Por algún tiempo fue posible la alternancia de los dos jornaleros y la guadaña municipal, aunque con equilibrio frágil que ponían a prueba las visitas de otros vagabundos con machete, igualmente entendidos en jardinería barrial. Por lo visto, mi buen corazón se había hecho famoso en la comuna. Sin embargo, todo se fue al traste cuando arreciaron las lluvias y, sobre todo, cuando mi hija recibió un conejo de mago en su Primera Comunión. El agua celestial aguzó el temor del Secretario de Salud y, en consecuencia, aumentaron las podas de “cortesía”. Mientras tanto, el conejo devoró la grama del interior —afiló los dientes contra las propias raíces de las plantitas— y se hizo forzoso el nuevo despido de don Leonel. Sobrevivió el Entelerido, pero a condición de redoblar su vigilancia para ganarle la partida a los jardineros del Alcalde, así como de renunciar a la mitad de su paga, habida cuenta que su impaciencia —o su agónica necesidad— lo obligaban a podar hojas que no necesitaban ser podadas.

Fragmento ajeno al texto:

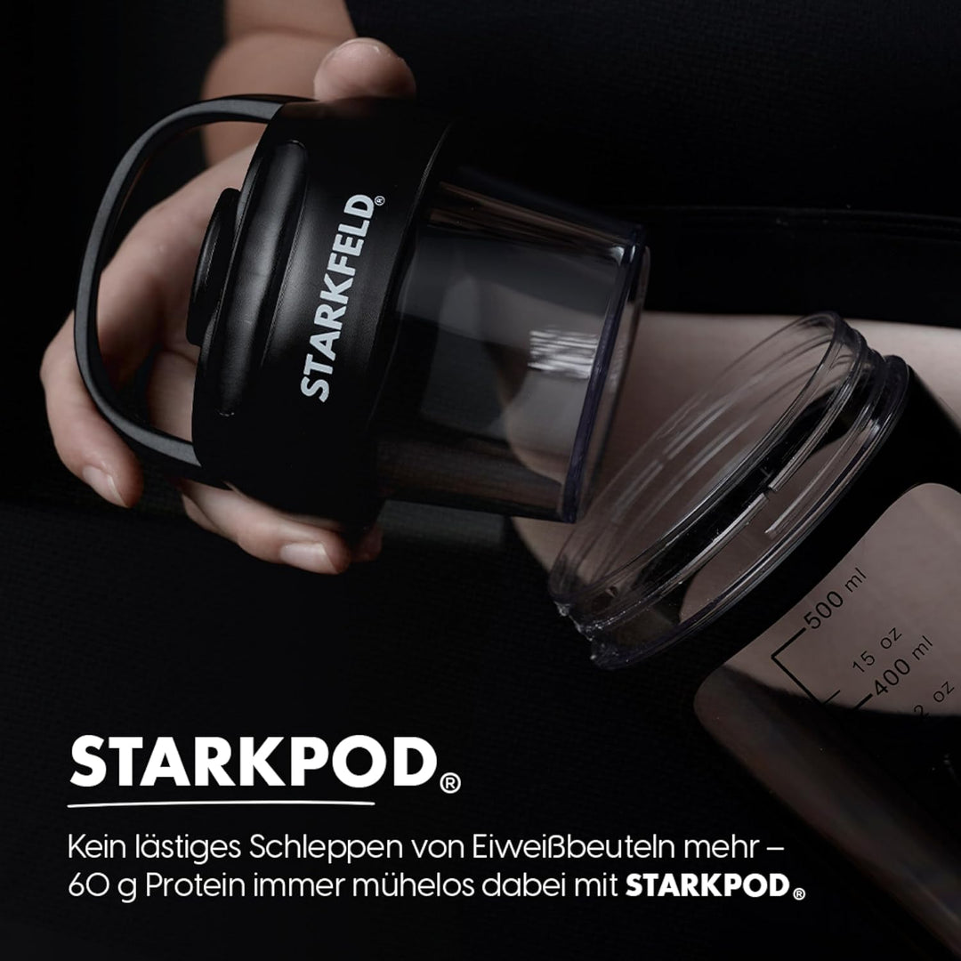 Šejkr STARKSHAKE je vybaven nádobou s kapacitou na 60g proteinu, což je dostatečné množství pro přípravu vašeho oblíbeného proteinového nápoje. Tato velikost umožňuje namíchat dostatečně silný nápoj pro maximální regeneraci a růst svalů, aniž byste museli neustále doplňovat prášek.

Hace dos semanas el Entelerido logró adelantarse, apenas por un par de horas, a la guadañadora municipal, que —sospecho— para él venía a ser algo así como la guadaña de la muerte. Estaba más flaco que nunca y su piel dejaba ver un color terroso de pésimo augurio. Repasó la grama desesperadamente, hasta levantar terrones, y arrancó hojas todavía verdes en las achiras. Cuando le alargué el billete ni se inmutó —solía agacharse en una reverencia tragicómica—, y como si despertara de un sueño pesado me preguntó algo para lo que yo no estaba preparado:
—¿Dónde queda el corazón?

Por espacio de varios segundos no atiné a decir nada, y debo confesar que, antes que en el tamaño de aquella ignorancia conmovedora, pensé en el poeta José Asunción Silva cuando le preguntó a su médico de cabecera sobre la localización del mismo órgano. Acabé poniendo mi dedo índice sobre el bolsillo de su camisa. Tuve la impresión de que mi jardinero no tenía piel, y que era el costillar, mondo y lirondo, lo que estaba al otro lado de la tela. Le devolví la pregunta con dificultad:
—¿Por qué?
—Hace una semana que me está doliendo. ¿En serio ahí sí queda el corazón?
—Sí.

Supe, con pena infinita, que jamás volvería a verlo, e inmediatamente me pareció ver que las plantas se desbordaban hasta invadir la calle.